The biweekly consultation forums adopt a combination of thematic consultation and counterpart consultation. The participants are mainly CPPCC members from sectors related to the topic, most of whom are experts and scholars related to the topic. In addition, the heads of relevant departments of the CPC Central Committee and the State Council are invited to attend the forums to listen to their opinions. Many of the opinions and suggestions raised by CPPCC members at the biweekly consultation forums have been adopted by the CCP Central Committee and the State Council. Most of the topics for the biweekly consultation forums come from the CPPCC's annual consultation plan . In addition, some topics are arranged according to the central government's consultation needs, or are set by the CPPCC Chairman himself. Of the 20 topics in 2014, 15 came from the annual consultation plan.

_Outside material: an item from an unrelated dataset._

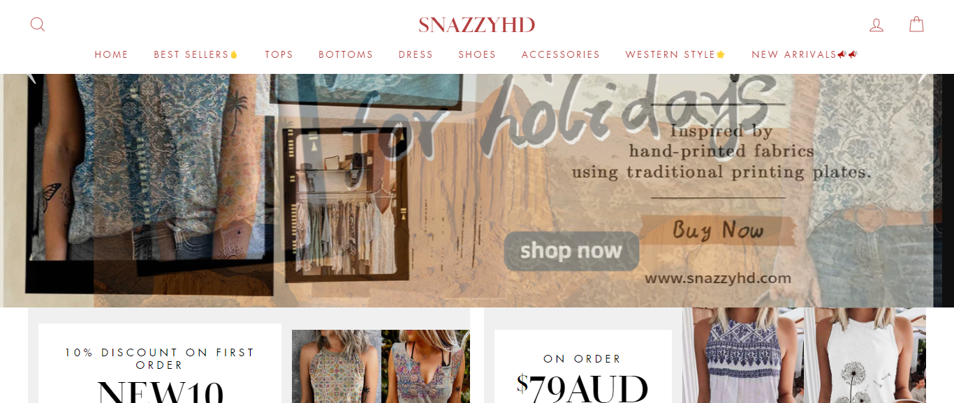 Snazzyhd located at Snazzyhd.com is an online store that is selling various products such as trousers, shoes, jumpsuit, dresses, etc. And these products are sold at a suspicious discount rate.

The "Rules of Procedure for the Biweekly Consultation Meetings of the National Committee of the Chinese People's Political Consultative Conference" adopted in 2017 institutionalize the work of the biweekly consultation meetings. Article 5 stipulates: "The General Office shall collect topics for the biweekly consultation meetings from all members, special committees, and provincial (autonomous region, municipality) committees, and solicit opinions from relevant departments of the CPC Central Committee and the State Council, the central committees of the democratic parties, and the All-China Federation of Industry and Commerce. It shall consult with the General Office of the State Council to make arrangements and suggestions. The Chairman's Meeting shall review the arrangements for the annual biweekly consultation meetings and determine the topics, time, and hosting units. Key topics shall be included in the annual consultation plan and submitted to the CPC Central Committee for approval." Article 6 stipulates: "The biweekly consultation meetings shall be hosted by the relevant special committees, and some topics shall be jointly hosted by the central committees of the democratic parties and the All-China Federation of Industry and Commerce. The General Office shall be responsible for organizing and coordinating the meetings."